Score the trace, not the single completion. Capture every tool call, retrieval, and intermediate output as spans, then run evaluators against the full trajectory. Useful metrics: task completion (did the agent finish), tool selection accuracy (did it call the right tool), groundedness (did claims trace to retrieved context), instruction following, and refusal correctness. Future AGI runs these as cloud and custom evals over OpenTelemetry traces; turing_flash returns in 1 to 2 seconds, turing_large in 3 to 5 seconds, which lets the same evaluator gate CI and run on live traffic.
What is the biggest failure mode in production agents?
Tool selection errors followed by silent hallucination. A planner that picks the wrong tool wastes a hop and often produces a plausible but wrong final answer because the agent rationalizes around the missing data. The fix is span-attached evaluation. Score each tool call selection, each retrieval, and the final groundedness, and stop the agent loop when an eval drops below threshold. Logging alone catches almost none of this because the surface text usually reads correctly.
Do I need a framework like LangGraph, AutoGen, or CrewAI?
Frameworks help when your graph has more than three or four nodes, parallel tool calls, or shared state across sub-agents. For two-step tool use, a plain function loop is fine and easier to debug. Pick LangGraph when state and conditional edges matter, AutoGen when multiple specialist agents debate, and CrewAI when role-based delegation matches the task. Independent of the framework, instrument with OpenTelemetry so traces survive a framework swap.

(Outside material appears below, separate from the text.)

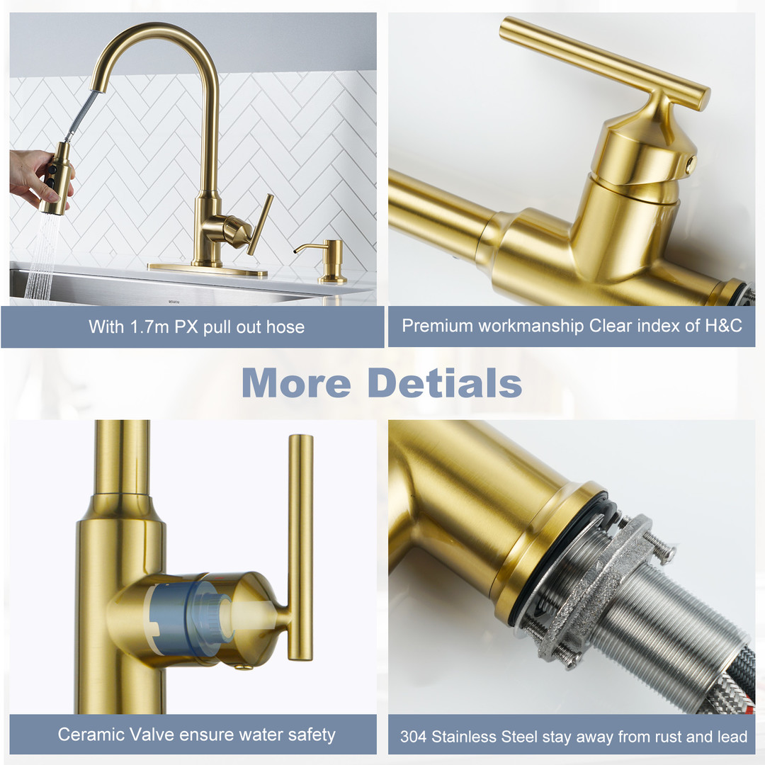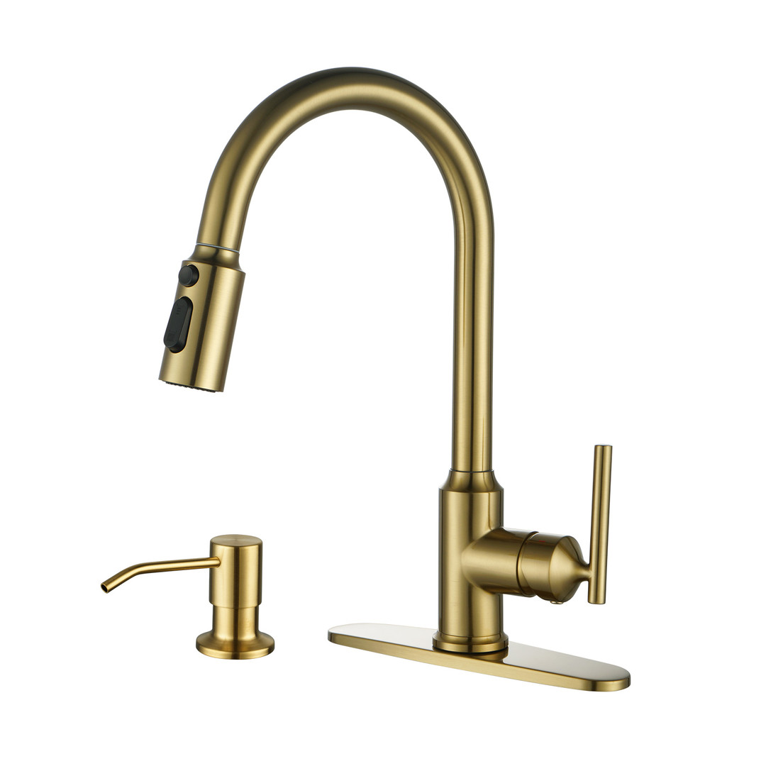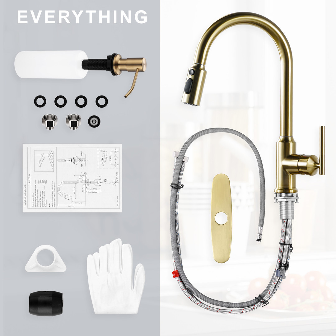 - Single-Handle Pull Down Sprayer Kitchen Faucet with Advanced Spray and Soap Dispenser in Brushed Gold

How should I handle memory in an LLM agent?
Separate three layers. Working memory is the current run's tool calls, retrieved chunks, and scratchpad, held in the prompt and trimmed by token budget. Episodic memory stores past sessions per user or task, fetched at session start. Semantic memory is shared knowledge in a vector store or knowledge graph, fetched on demand. Persist episodic and semantic memory outside the agent process so you can evaluate retrieval quality independently and replay traces during incident review.
How do I keep agent costs and latency under control?

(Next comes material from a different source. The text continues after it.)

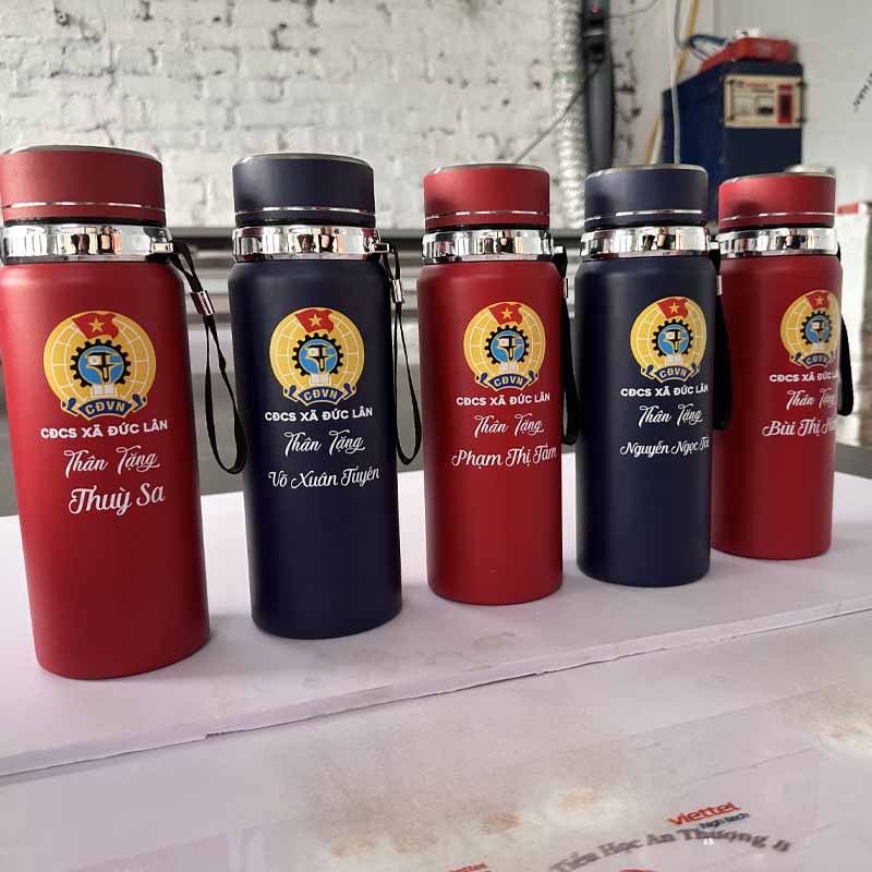 Có. Công nghệ khắc laser cho phép cá nhân hóa từng chiếc bình. Chúng tôi có thể khắc logo doanh nghiệp ở vị trí nổi bật và khắc tên riêng, chức danh hoặc lời chúc ngắn gọn của từng người nhận ở vị trí khác, nâng cao giá trị độc quyền của món quà tặng khuyến mại này.

Route hops to the cheapest viable model with a gateway. Reserve the flagship planner for nodes that need it (final answer, tool decomposition, repair) and use a smaller model for classification, summarization, and pre-checks. Cache deterministic retrieval and tool results by content hash, set per-loop and per-trace cost budgets, and stream tokens for any user-visible response so perceived latency drops. The Future AGI Agent Command Center applies BYOK routing, budgets, and guardrails at the gateway layer.
How do I prevent jailbreaks and prompt injection in tool-using agents?
Treat retrieved content and tool output as untrusted. Strip system-prompt-like text from retrieved chunks, isolate tool output behind explicit JSON schemas, validate every tool argument with a typed contract, and run a guardrail evaluator against the planner output before any state-changing call. Keep allow-listed tools per agent role, never expose raw shell or arbitrary HTTP to a user-facing planner, and require a human approval step for irreversible actions. Audit traces weekly for novel injection patterns.